### [YOUR INSTRUCTIONS]
Each line in the records below, from the one that contains "Nella Distinta fornitore, per" to the one that contains "Е-Карта послуг в", should be reproduced exactly, the first and last included.

### [INPUT DATA]
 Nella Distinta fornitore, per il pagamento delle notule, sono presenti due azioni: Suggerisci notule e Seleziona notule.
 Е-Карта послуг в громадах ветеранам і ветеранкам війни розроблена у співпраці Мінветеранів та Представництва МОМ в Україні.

---

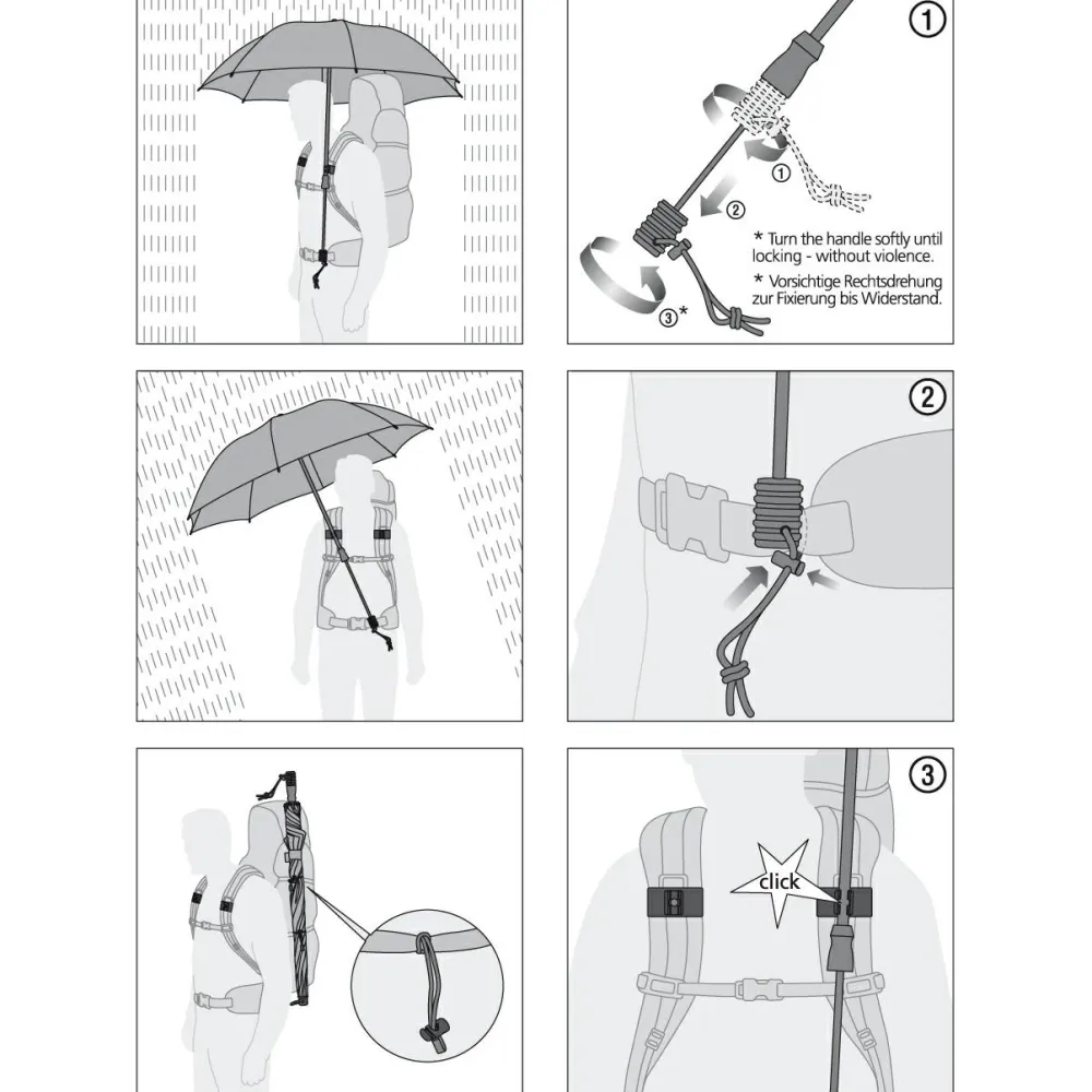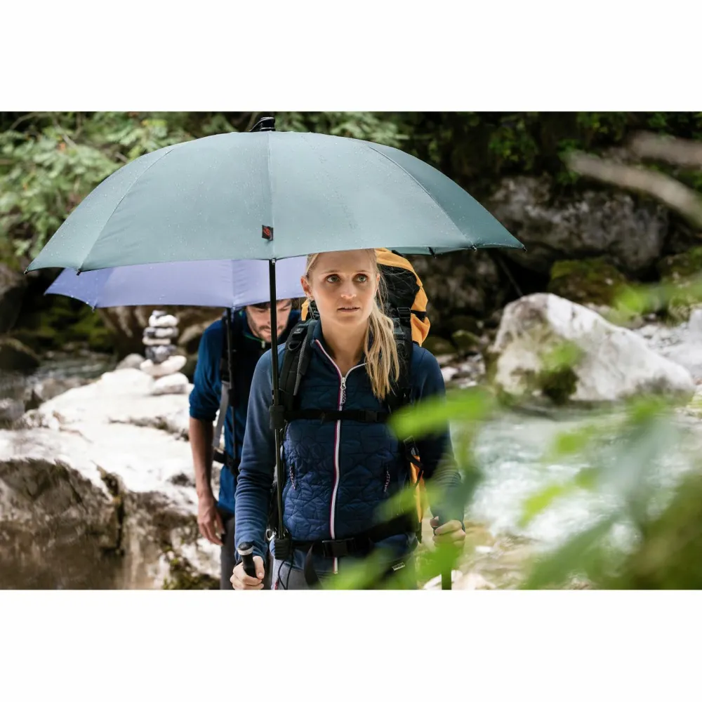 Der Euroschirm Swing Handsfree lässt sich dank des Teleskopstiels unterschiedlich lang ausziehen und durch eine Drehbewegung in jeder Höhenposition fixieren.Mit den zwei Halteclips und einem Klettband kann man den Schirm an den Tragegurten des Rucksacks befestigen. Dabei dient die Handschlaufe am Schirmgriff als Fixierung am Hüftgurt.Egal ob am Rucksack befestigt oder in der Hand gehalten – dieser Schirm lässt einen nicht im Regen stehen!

---

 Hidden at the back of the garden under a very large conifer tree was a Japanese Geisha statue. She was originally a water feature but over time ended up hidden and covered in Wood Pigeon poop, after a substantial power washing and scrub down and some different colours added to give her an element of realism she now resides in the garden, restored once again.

### [YOUR SOLUTION]
 Nella Distinta fornitore, per il pagamento delle notule, sono presenti due azioni: Suggerisci notule e Seleziona notule.
 Е-Карта послуг в громадах ветеранам і ветеранкам війни розроблена у співпраці Мінветеранів та Представництва МОМ в Україні.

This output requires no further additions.